Ben Gvir also called for a return to targeted killings of Palestinian terror leaders in the West Bank. Gallant rejected his request.
“You are living in an imaginary movie,” Ben Gvir shot out at Gallant. “People are murdered here, a mother [was killed] in front of her daughter.”
During the debate, According to Channel 11, Gallant also raised the issue of public attacks against the army’s leaders in the past weeks, noting that is gave terror groups the impression that the IDF was weak and provided them with an incentive to take action against Israel.
After the meeting, the Security Cabinet issued a statement in support of the IDF, noting that it backs the commanders and soldiers of the IDF and the "personnel of the security services in their actions against terrorist elements on behalf of the security of the citizens of Israel.”
The security cabinet had originally been scheduled to meet in September, but convened instead on Tuesday in light of the terror wave.

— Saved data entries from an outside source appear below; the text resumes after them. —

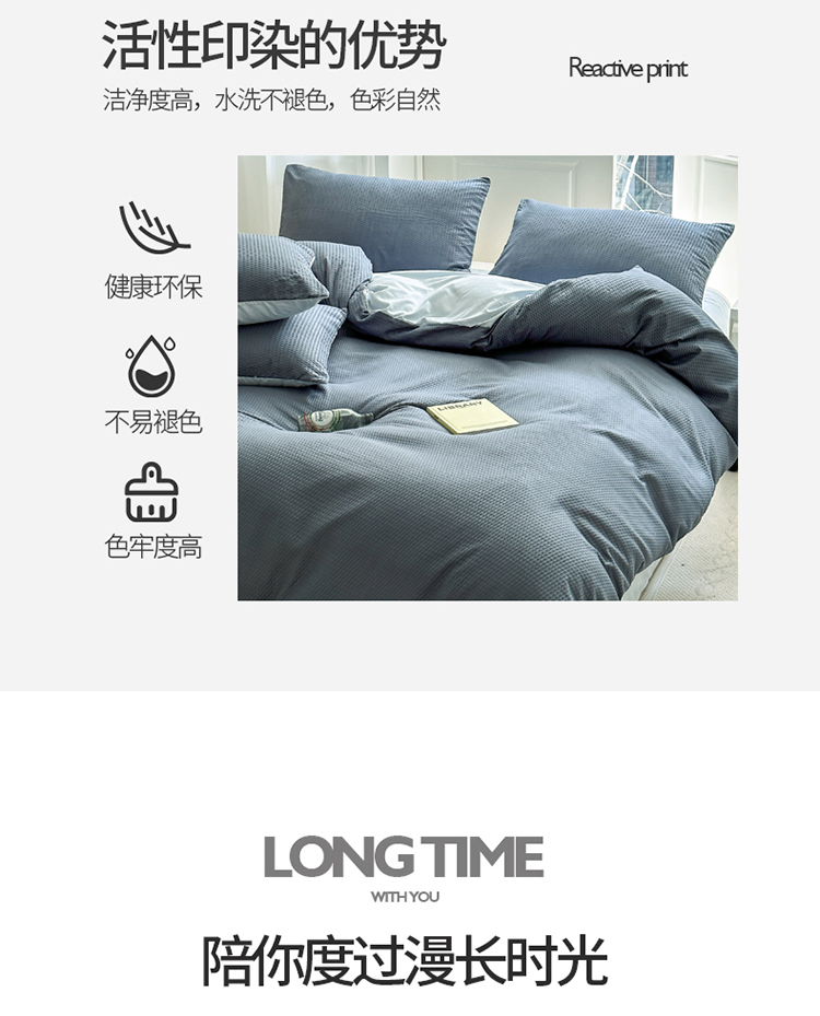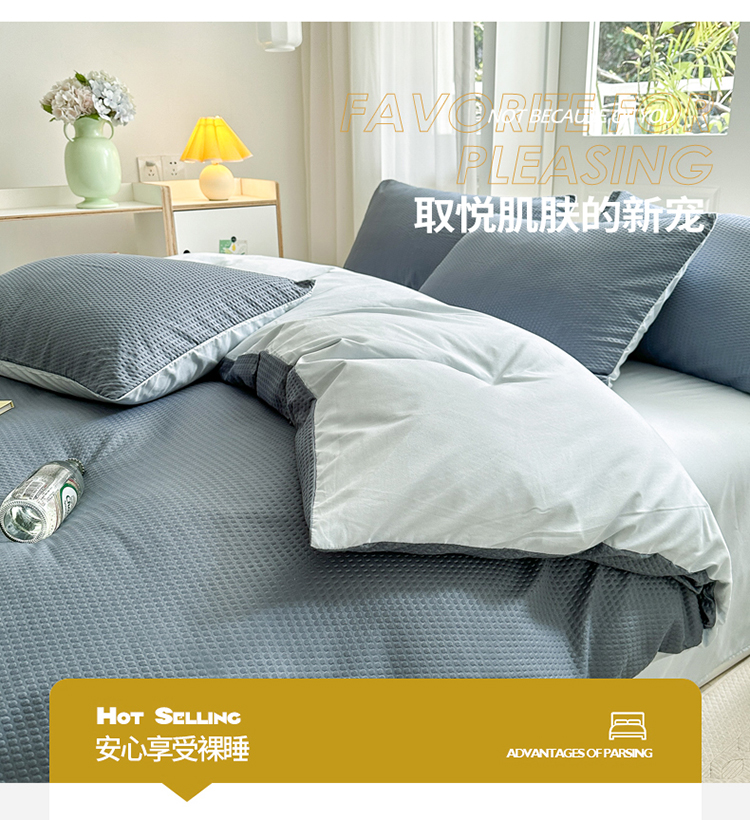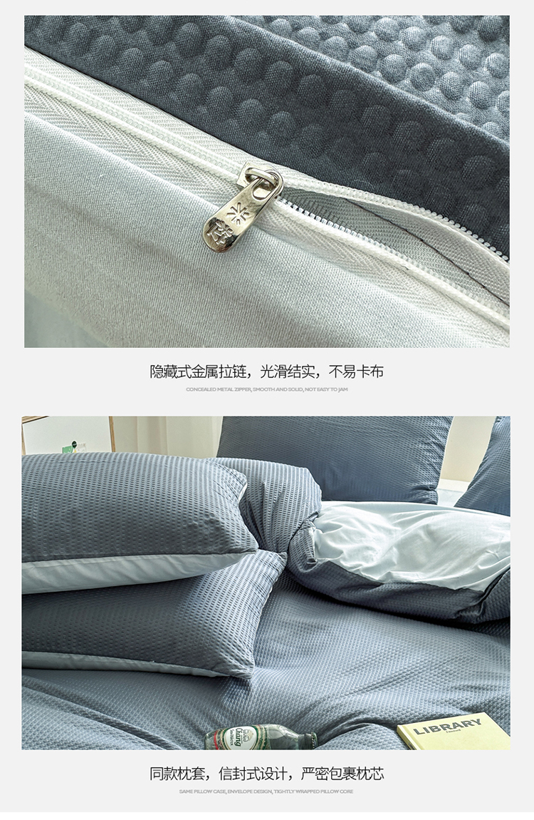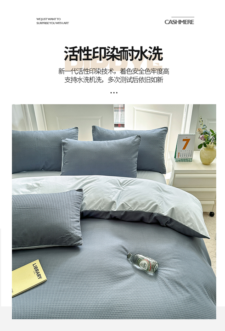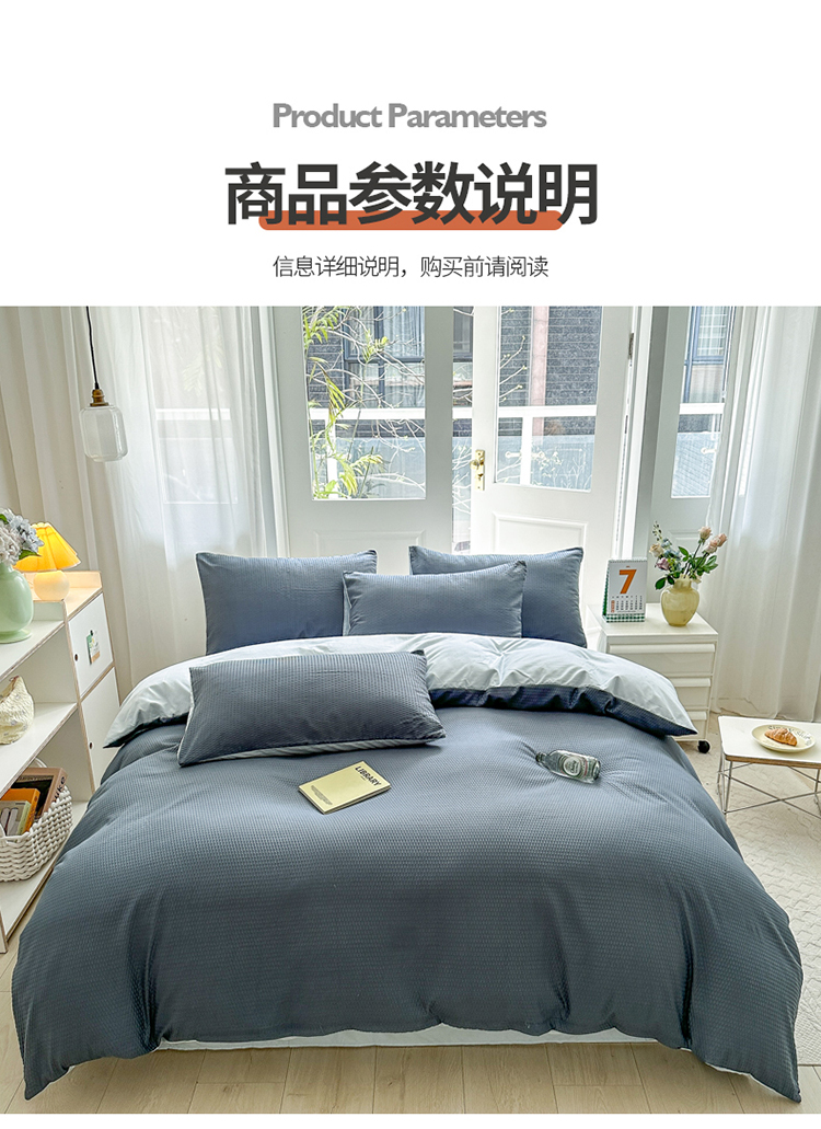 商品名称:米粒家纺 2023新款AB版华夫格四件套 石墨兰
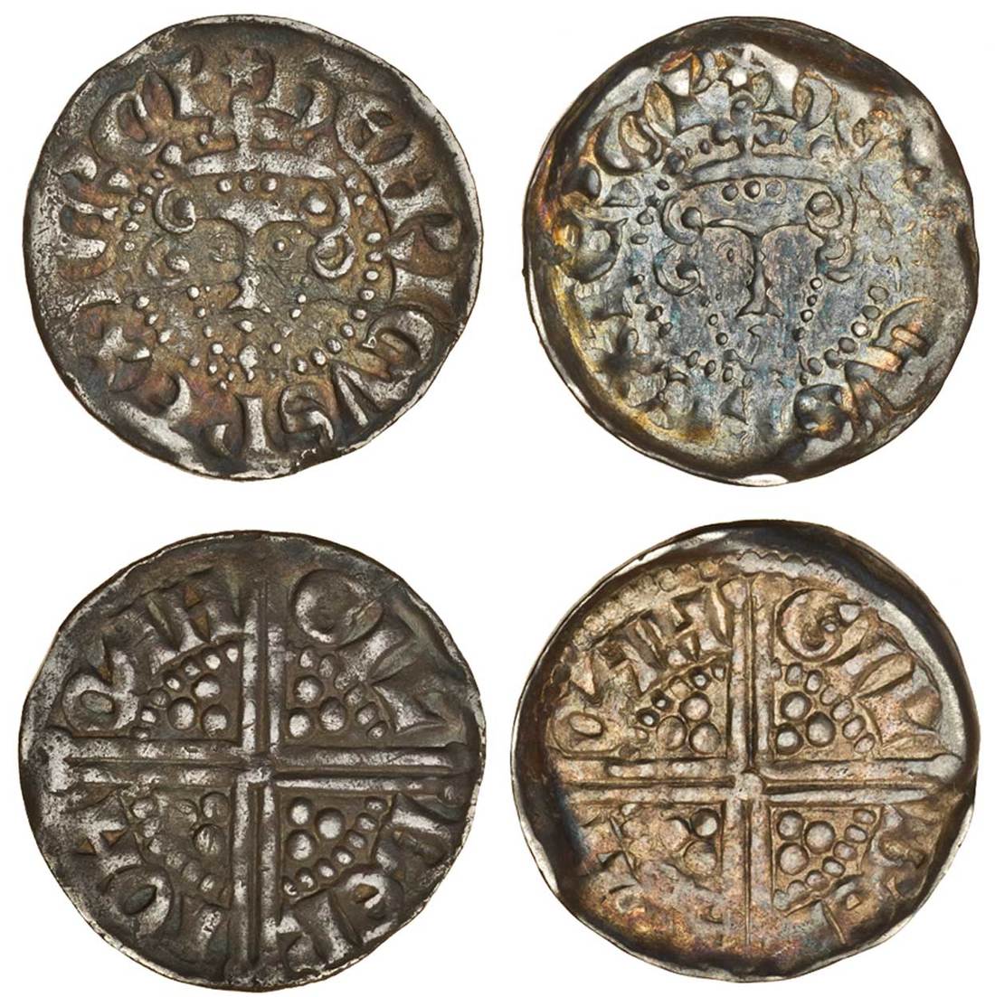 Henry III (1216-1272), ‘Long Cross’ Coinage, Pennies (2), Canterbury, Phase 2, Class 2bí2, Gilbert (2), 1.39g, rev. gil ber toh cah, toned, a crack at 3 o’clock, good fine, 1.42g, attractive multi-coloured hues, very fine (N.985/2; S.1361A; Stewartby IIb2), (2)
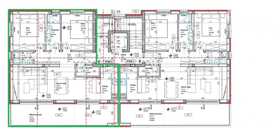 Stan 4 nalazi se na prvome katu zgrade, ima neto površinu od 80,2 m2 te se sastoji od hodnika, dnevnog boravka, blagovaonice i kuhinje u otvorenom stilu, dvije spavaće sobe, kupatila te gostinjskog wc-a.
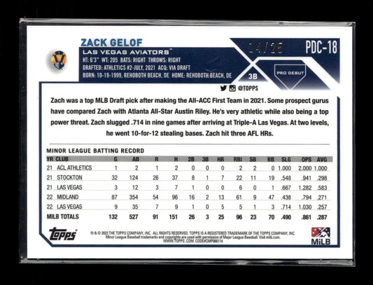 2023 Topps Pro Debut Zack Gelof #PDC-18 Chrome Autographs Orange Lava Refractor #/25 Las Vegas Aviators
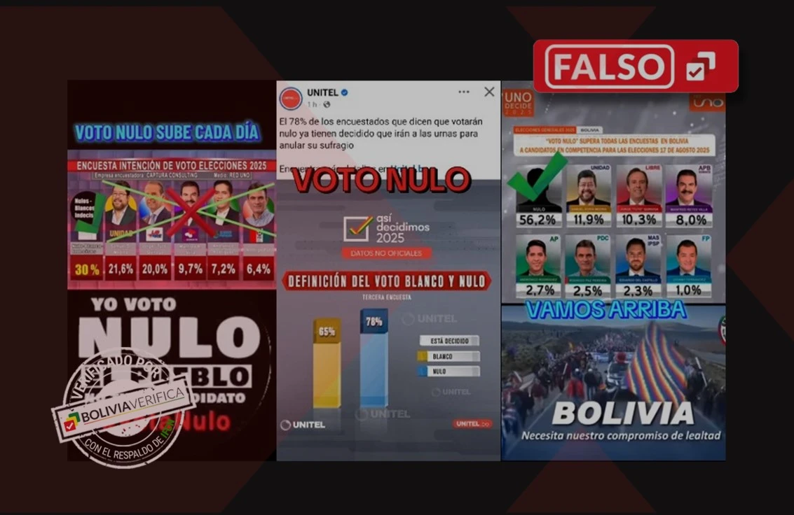 En el perfil de TikTok @leales_2025 se publicó tres encuestas nacionales en las que se muestra el voto nulo con el mayor porcentaje de preferencia. No obstante, Bolivia Verifica analizó el material y las fotografías que fueron compartidas, y todas resultaron ser manipuladas.

It met on the same day that Gallant hosted the chairman of the US Joint Chiefs of Staff General Mark Milley, who he said, “is one of the most significant, true friends of the State of Israel, as well as a partner in our common mission to achieve stability and security.”
“The State of Israel recognizes and appreciates General Milley's cooperation within the framework of joint efforts in facing the Iranian threat, in both overt and covert activities, which shaped our region,” Gallant said.